As South Africans and as Jews, let us start a trend of giving back to Africa. Sharing resources, exchanging leadership and organisational models, encouraging voluntarism, creating business and mentorship opportunities, and prioritising how to collaborate so that the freedoms of our privileged South African Jewish life can be felt. One thing is for certain — we can all make a difference.”
When considering the prospects of a five-week ‘sabbatical’ I explored volunteering with Jewish communities around the world; then my direction was channelled by Clive Lawton via the Commonwealth Jewish Council’s offer for our family to take on the function of ‘field workers’. This way we were ‘invited’ guests, traveling with purpose to interact with the local Jewish communities, with the aim of making connections, sharing conversations and problem-solving together. For many years I have also monitored the scope of the African Jewish Congress (a project of the SA Jewish Board of Deputies). This trip had merged my interests.
The 100-year-old Ugandan Jewish (Abayudaya) community is around 3000-strong, spread across eight geographical and ideological communities, from Conservative to Orthodox Judaism. Made up of armers and pastoralists they live in rural villages, sans running water nor electricity. Families are united by their unwavering faith, love of community and pursuit of education. Communities are more or less established, with more or less resources, but how to live a full Jewish life is always central.
Tanzania’s 4th largest city is Arusha, home to about 70 Yemenite Jews, anchored by a remarkable couple, a lawyer and a human rights advocate. Rooted in ancient Sephardi tradition, this religious community is yearning for the language and the land.
The three of us each interpreted our roles and ‘brief’ in our unique ways: Benji brought his religious observance and ability to lead liturgy with melody. Being a teen amongst peers who are dedicated to their spiritual journeys with a thirst for knowledge, a passion for the Hebrew language and for ritual and bond to the Jewish people was truly refreshing. Those who have less want more, while those who have more want less.

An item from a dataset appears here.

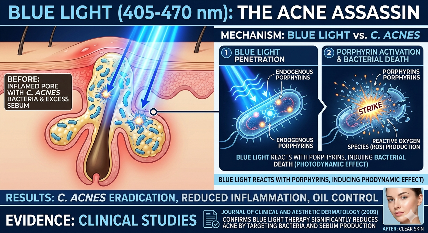 2. แสงสีน้ำเงิน (Blue Light: 405-470 nm) - "เพชฌฆาตสิวอักเสบ"

Gary brought his interest in history, the outdoors, and community analysis (after decades by my side), and business and his role as business coach into the mix. Light bulbs went on as we unpacked the high rates of unemployment amongst university graduates, struggling to find or hold onto jobs and forced to make sacrifices to keep Shabbat.
I was in my element: exploring and strengthening community, defining and refining networks, using my skill set to find creative, innovative and constructive solutions, while being a connector to all things kosher, Jewish, and community-focused. The major and consistent request was to bring unity and we explored models of leadership and organisation to achieve this for the sake of advocacy and a more enriched and sustainable Jewish life.
Most times, even as the only whites, we could celebrate sharing common traditions and interests. But as South Africans travelling at the height of the xenophobic crisis in SA, we felt shame. There was outright condemnation for what our hosts saw as ‘black on black’ violence and we had no excuses. There is so much opportunity in South Africa, if only we would harness our resources into dignity, education, safety and security, employment and a stable economy.